THE DATA below:
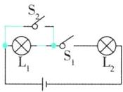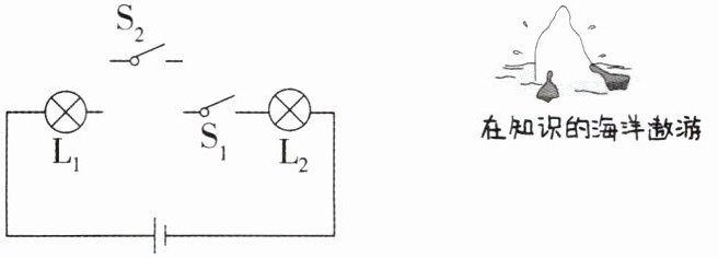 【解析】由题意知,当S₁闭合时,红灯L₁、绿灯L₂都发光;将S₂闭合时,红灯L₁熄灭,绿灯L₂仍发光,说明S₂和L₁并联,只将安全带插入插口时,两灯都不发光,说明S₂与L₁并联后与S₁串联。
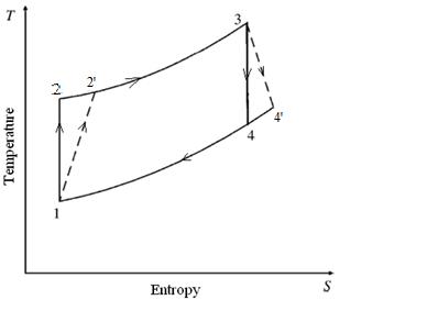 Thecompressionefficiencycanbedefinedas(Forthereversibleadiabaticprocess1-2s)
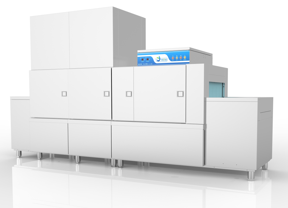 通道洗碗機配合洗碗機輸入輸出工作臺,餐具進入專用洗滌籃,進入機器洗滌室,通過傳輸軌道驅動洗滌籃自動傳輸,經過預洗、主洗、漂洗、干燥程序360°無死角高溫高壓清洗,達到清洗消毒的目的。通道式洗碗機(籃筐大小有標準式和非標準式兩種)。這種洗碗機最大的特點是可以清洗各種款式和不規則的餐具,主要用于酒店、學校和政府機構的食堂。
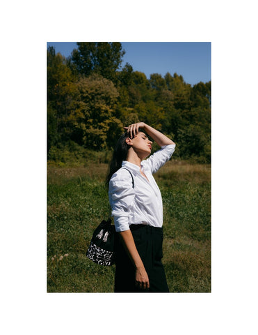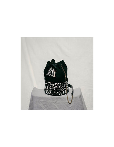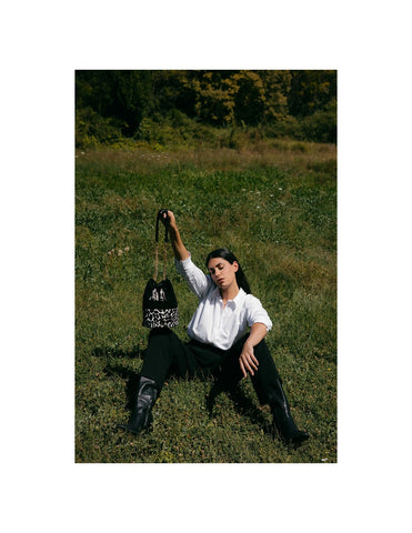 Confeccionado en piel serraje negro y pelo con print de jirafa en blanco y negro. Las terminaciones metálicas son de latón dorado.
End of THE DATA.
THE DATA below:
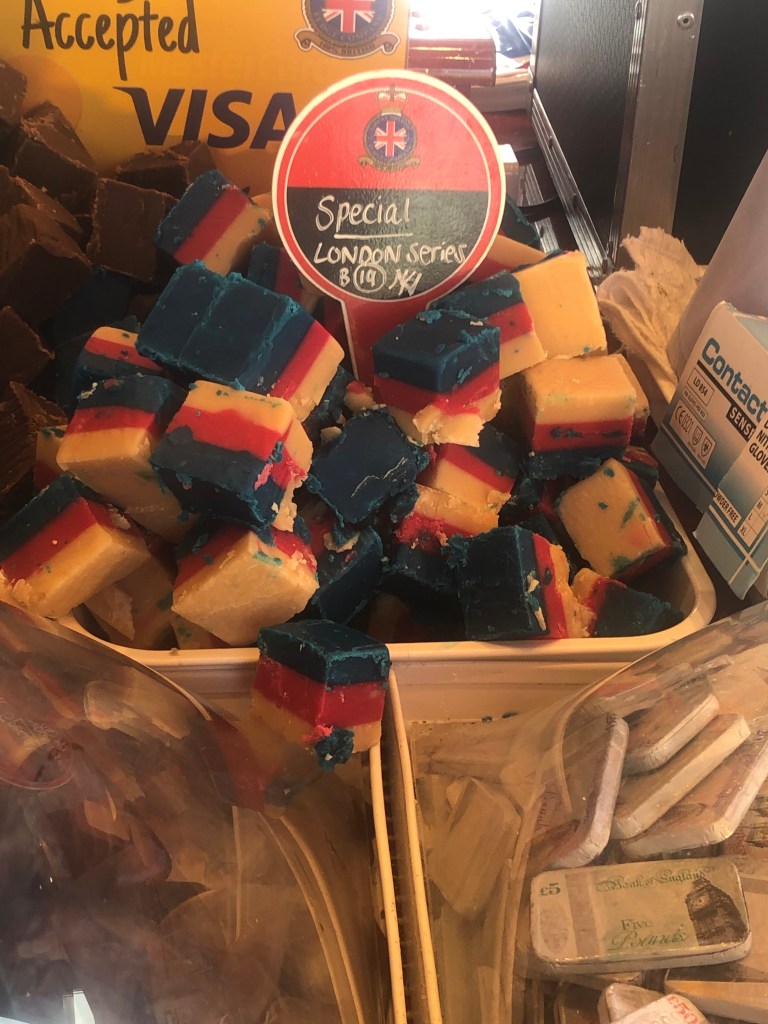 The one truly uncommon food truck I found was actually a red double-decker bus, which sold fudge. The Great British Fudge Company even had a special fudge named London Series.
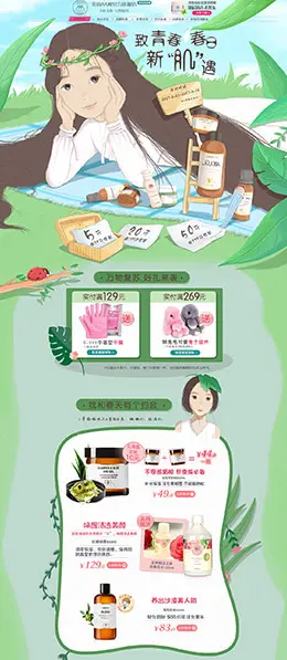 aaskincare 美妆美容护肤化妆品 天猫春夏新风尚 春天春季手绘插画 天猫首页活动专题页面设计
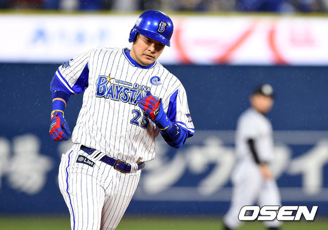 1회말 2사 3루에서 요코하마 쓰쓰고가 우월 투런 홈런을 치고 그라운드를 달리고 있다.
End of THE DATA.
— TASK STATEMENT —
Here the job is to copy the stretch of records from the line containing "aaskincare 美妆美容护肤化妆品 天猫春夏新风尚" through the line containing "1회말 2사 3루에서", word for word. Leave every picture out.

— YOUR RESPONSE —
 aaskincare 美妆美容护肤化妆品 天猫春夏新风尚 春天春季手绘插画 天猫首页活动专题页面设计
 1회말 2사 3루에서 요코하마 쓰쓰고가 우월 투런 홈런을 치고 그라운드를 달리고 있다.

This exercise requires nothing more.